The archive points to all the PDF files, some media files (more are coming), and DOIs to archived PDFs in Zenodo. Together, this has turned out to be a stable and (we believe) future-proof solution.

PDF problems

However, as it has turned out, the PDF files in the archive have various issues. All of them work fine in regular PDF readers, but many of them have accessibility issues. There are (at least) three problems with this.

  1. Non-accessible PDFs do not work well for people using alternative readers. We need to strive for universal access at NIME, and this includes the archive.
  2. The files are not optimized for text mining tasks. The latter is something that more people have been interested in. Such an extensive collection of files is a great resource when it comes to understanding a community and how it has developed. This was something I tried myself in a NIME paper in which I analyzed the use of the word “gesture” in all NIME papers up until 2013.
  3. If machines have problems with the files, so have the Google crawlers and other robots looking at the content of the files. This, again, has implications for how the files can be read and indexed in various academic databases.

It is not strange that there are issues with the files. After all, there are a total of 1728 of them. They have been produced from 2001 and until today on a myriad of different types of OSes and software.
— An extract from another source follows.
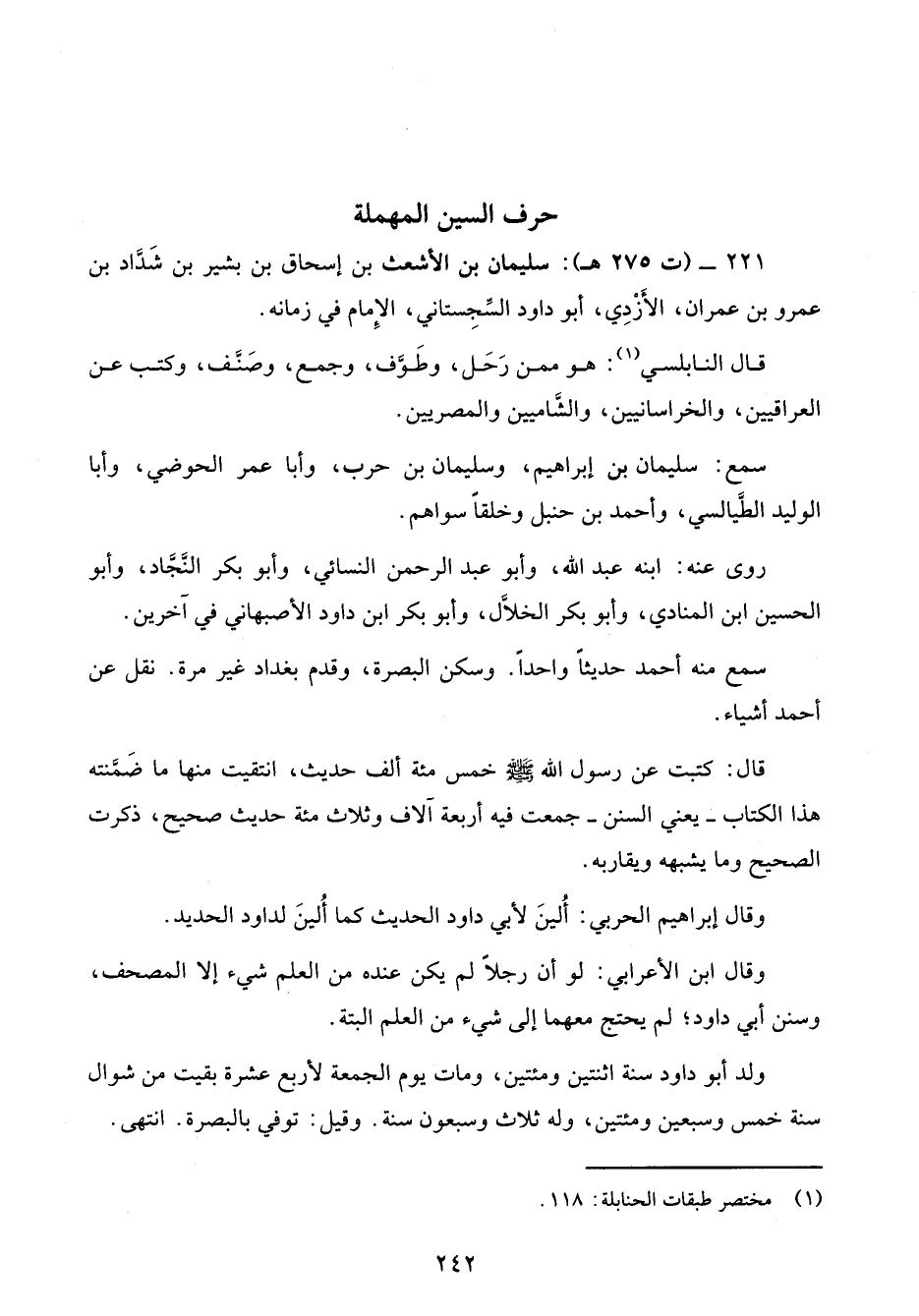 221 - (ت 275 هـ): سليمان بن الأشعث بن إسحاق بن بشير بن شَدَّاد بن عمرو بن عمران، الأَزْدِي، أبو داود السِّجِستاني، الإِمام في زمانه.

During this time, the PDF standard itself has also evolved considerably. For that reason, we have found it necessary to do some optimization of the files.

Renaming

The first thing I did was to download the entire collection of PDFs. I quickly discovered that there were some inconsistencies in the file names. We did a large cleanup of the file names some years ago, so things were not entirely bad. But it was still necessary to clean up the file names to have one convention. Here I ended up with renaming everything to a pattern like:

nime2001_paper001.pdf

This makes it possible to sort by year first, and then the submission type (currently only paper and music, but could be more) and then a three-digit unique number based on the submission number. Not all the numbers had leading 0’s, so I added this as well for consistency. Since the conference year and ID are unique, it is easy to do query-replace in the BibTeX database to correct the links there.

Acrobat testing

I usually don’t work much in Acrobat these days, but decided to start my testing there. I was able to get access to a copy of Acrobat XI on a university machine and started looking into different options. From the list of batch processes available, I found these to be particularly promising:

  • “Optimize scanned documents” (converting content into searchable text and reducing file size)
  • “Prepare for distribution” (removing hidden information and other oddities)
  • “Archive documents” (create PDF/A compliant documents)

I first tried to run a batch process using OCR. The aim here was to see if I could retrieve some text from files with images containing text. This did not work particularly well. It skipped most files and crashed on several. After the tenth crash, I gave up and moved on.

The “prepare for distribution” option worked better. It ran through the first 300 files or so with no problems, and reduced the files properly. But then the problems started. For many of the files, it just crashed. And when I came to the 2009-files, they turned out to the protected from editing. So I gave up again.

Finally, I tried the archiving function. Here it popped up a dialogue box asking me to fill in title and authors for every single file. I agree that this would be nice to have, but I do not have time to do this manually for 1728 files.

All in all, my Acrobat exploration turned out quite unsuccessful. Therefore, I went back to my ubuntu machine and decided to investigate what type of command-line tools I could use to get the job done.

File integrity

After searching some forums about checking if PDF files are corrupted I came across the useful qpdf application. Running this on the original NIME collection showed that the majority of files had issues.

find . -type f -iname '*.pdf' \( -exec sh -c 'qpdf --check "{}" > /dev/null && echo "{}": OK' \; -o -exec echo "{}": FAILED \; \)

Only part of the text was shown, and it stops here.